1 March 2020 2,222 views No Comment

Elizabeth A. Stuart
Professor of Mental Health, Biostatistics, and Health Policy and Management
Associate Dean for Education
Johns Hopkins Bloomberg School of Public Health

Educational Background:
PhD, Statistics, Harvard University
AB, Mathematics (Major), Chemistry (Minor), Smith College

Elizabeth A. Stuart is a statistician by training who works at the interface of statistical methods and public health, with particular expertise in methods for estimating causal effects. Big picture, Stuart is interested in the trade-offs between different study designs for estimating causal effects and how to increase the internal validity of nonexperimental studies (using methods such as propensity scores) and the external validity of randomized trials. She is committed to the dissemination and translation of statistical methods to broad audiences, and many of her papers aim to provide tutorials on methods or guidance for best practice of statistical methods.

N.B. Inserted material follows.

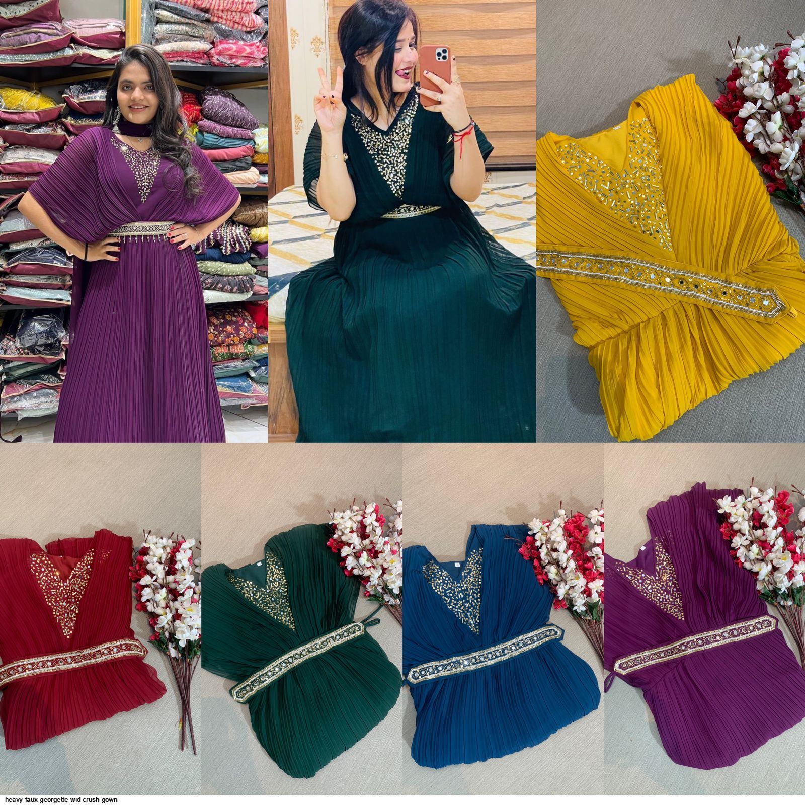 Fabric. :- HEAVY faux Georgette WID CRUSH

Stuart’s primary areas of application include mental health, substance use, gun violence, education, and policy evaluation, including co-directing the JHSPH Center for Mental Health and Addiction Policy Research and co-leading an evaluation component of a Bloomberg opioids initiative. One of her proudest accomplishments is publishing first-authored papers in substance use, autism, and other fields in addition to her methodological work.

Stuart is a fellow of the American Statistical Association and has been recognized with the mid-career award from the ASA Health Policy Statistics Section, the Gertrude Cox Award for applied statistics, and the Myrto Lefkopoulou award from the Harvard University Department of Biostatistics. She is also particularly proud of the teaching and mentoring awards she has received at Johns Hopkins.

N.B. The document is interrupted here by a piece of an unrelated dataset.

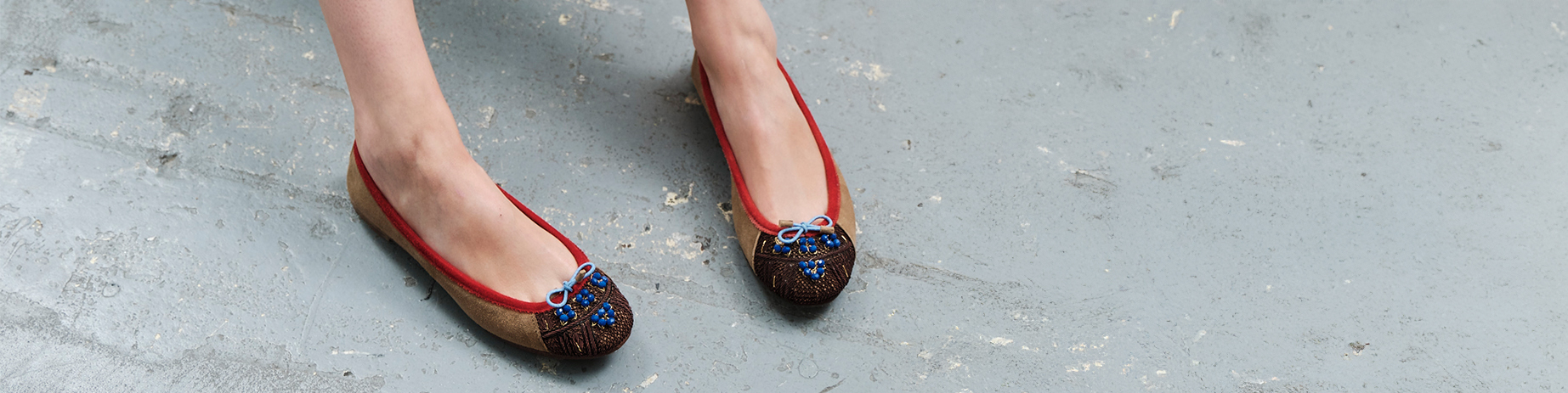 Price €181.00Our signature handmade embroidered Bizi Ballet flats are now available in a stunning Gold/Gold combination. Expertly embroidered by skilled artisans using sustainable methods, these flats offer both luxury and comfort. Each pair features intricate embroidery, handcrafted with dedication, making them a unique and timeless addition to your collection. Perfect for both casual and elegant occasions.

Stuart grew up in Laconia, New Hampshire (and still gets back there whenever she can). While studying for her undergraduate degree at Smith College, she knew she wanted to “save the world through math” but had no idea what that meant or how to do it (this was before Smith developed a strong data science and statistics program). After college, she worked as a research assistant at Mathematica Policy Research, which is where she discovered statistics as a way to link her interests in public policy, the social sciences, and mathematics. She returned to Mathematica for two years after graduate school, and then found her way to public health, where she feels lucky to be able to apply statistical methods and thinking across a range of important application areas and to work in a highly collaborative, collegial, and interdisciplinary environment.